Significance. If the stabilized implementations faithfully capture the core predictions of the original theories without artifacts from the adjustments, the work provides a concrete method for operationalizing mechanism sketches in social psychology. It demonstrates how generative simulations can identify hidden commitments in verbal theories and could support more precise, falsifiable modeling in computational social science. The explicit documentation of stabilization as methodology is a strength that could inform similar efforts to make qualitative theories runnable.

major comments (3)

[Abstract and evaluation section] Abstract and evaluation section: The claim that 'our implementations generate behavioural patterns consistent with known results' holds only after manual stabilization. The manuscript provides no comparison of outputs from the initial (unstabilized) theory-specific reasoning sequences versus the stabilized versions, nor any quantification of how the iterative adjustments alter behavior. This is load-bearing for the central claim that the verbal theories can be rendered as executable systems on their own terms, as opposed to consistency emerging from post-hoc fixes.
[Methodology description] Methodology description: The paper states that theories are rendered via 'theory-specific sequences of reasoning steps' that populate and process the prefix, yet the underdetermination acknowledged in the abstract implies multiple possible translations. Without explicit listing or pseudocode of these sequences (and how each maps to the original verbal statements of Festinger, Aronson, and Bem), it is not possible to assess whether core predictions are preserved or altered by the chosen operationalization.
[Discussion of stabilization] Discussion of stabilization: The argument that the manual stabilization process 'should be regarded as a core part of the methodology' is presented as a positive contribution, but the manuscript does not address how this affects reproducibility, generalizability across experiments, or the risk that stabilized models embed modern priors rather than historical assumptions. This weakens the claim that the workflow directly renders the verbal theories.

minor comments (2)

[Abstract and introduction] The abstract and introduction would benefit from a brief table or figure summarizing the key differences in the three theory-specific reasoning sequences before and after stabilization.
[Framework description] Notation for the prefix/suffix structure in the Concordia framework is introduced but could be formalized with a short equation or diagram for readers unfamiliar with the library.

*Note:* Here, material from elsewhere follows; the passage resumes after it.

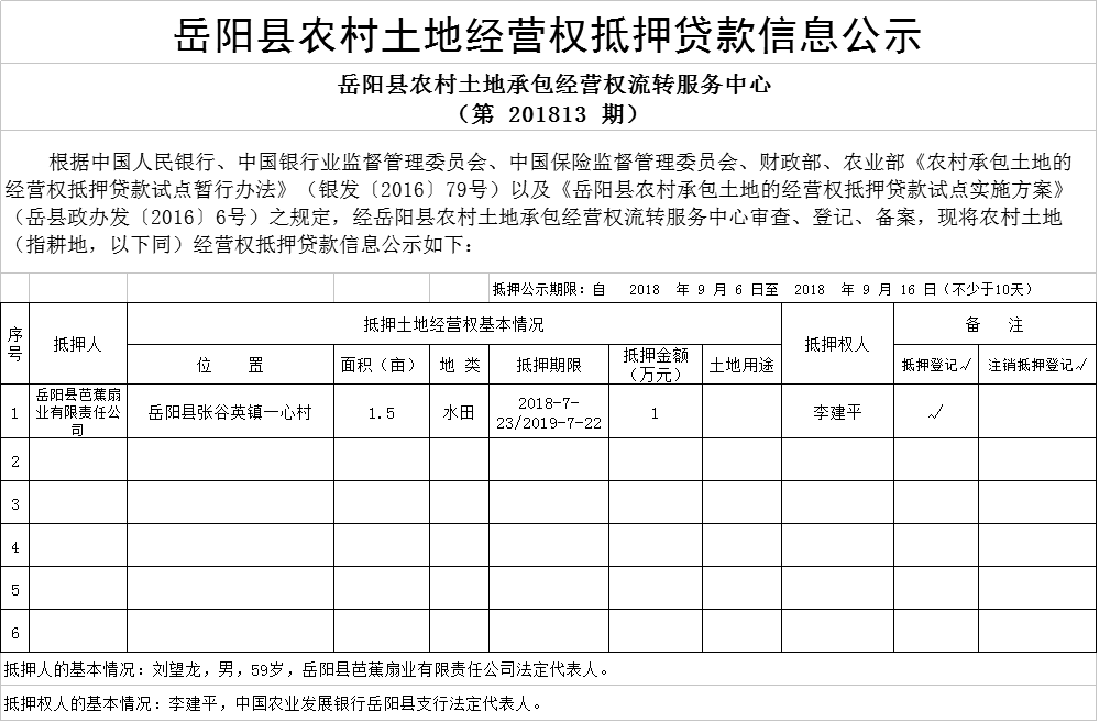岳阳县农村土地经营权抵押贷款信息公示 (第 201813 期)

Simulated Author's Rebuttal

3 responses · 0 unresolved

We thank the referee for their constructive and detailed comments, which highlight important areas for improving the transparency of our methodology. We agree that additional documentation and comparisons will strengthen the manuscript and address the concerns raised. We respond to each major comment below and will incorporate revisions accordingly.

read point-by-point responses

Referee: [Abstract and evaluation section] Abstract and evaluation section: The claim that 'our implementations generate behavioural patterns consistent with known results' holds only after manual stabilization. The manuscript provides no comparison of outputs from the initial (unstabilized) theory-specific reasoning sequences versus the stabilized versions, nor any quantification of how the iterative adjustments alter behavior. This is load-bearing for the central claim that the verbal theories can be rendered as executable systems on their own terms, as opposed to consistency emerging from post-hoc fixes.

Authors: We agree that an explicit comparison of initial versus stabilized outputs, along with quantification of behavioral changes, would strengthen the central claim and clarify the role of stabilization. In the revised manuscript, we will add this analysis to the evaluation section, including representative examples of outputs before and after adjustments and metrics quantifying shifts in behavioral patterns. This will better demonstrate how the stabilization process contributes to reproducing empirical results. revision: yes
Referee: [Methodology description] Methodology description: The paper states that theories are rendered via 'theory-specific sequences of reasoning steps' that populate and process the prefix, yet the underdetermination acknowledged in the abstract implies multiple possible translations. Without explicit listing or pseudocode of these sequences (and how each maps to the original verbal statements of Festinger, Aronson, and Bem), it is not possible to assess whether core predictions are preserved or altered by the chosen operationalization.

Authors: We acknowledge that greater explicitness is needed to allow assessment of the operationalizations. The revised version will include detailed pseudocode for each theory-specific sequence of reasoning steps in the methodology section, with explicit mappings to the relevant passages in the original verbal statements by Festinger, Aronson, and Bem. This will enable readers to evaluate fidelity to the source theories. revision: yes
Referee: [Discussion of stabilization] Discussion of stabilization: The argument that the manual stabilization process 'should be regarded as a core part of the methodology' is presented as a positive contribution, but the manuscript does not address how this affects reproducibility, generalizability across experiments, or the risk that stabilized models embed modern priors rather than historical assumptions. This weakens the claim that the workflow directly renders the verbal theories.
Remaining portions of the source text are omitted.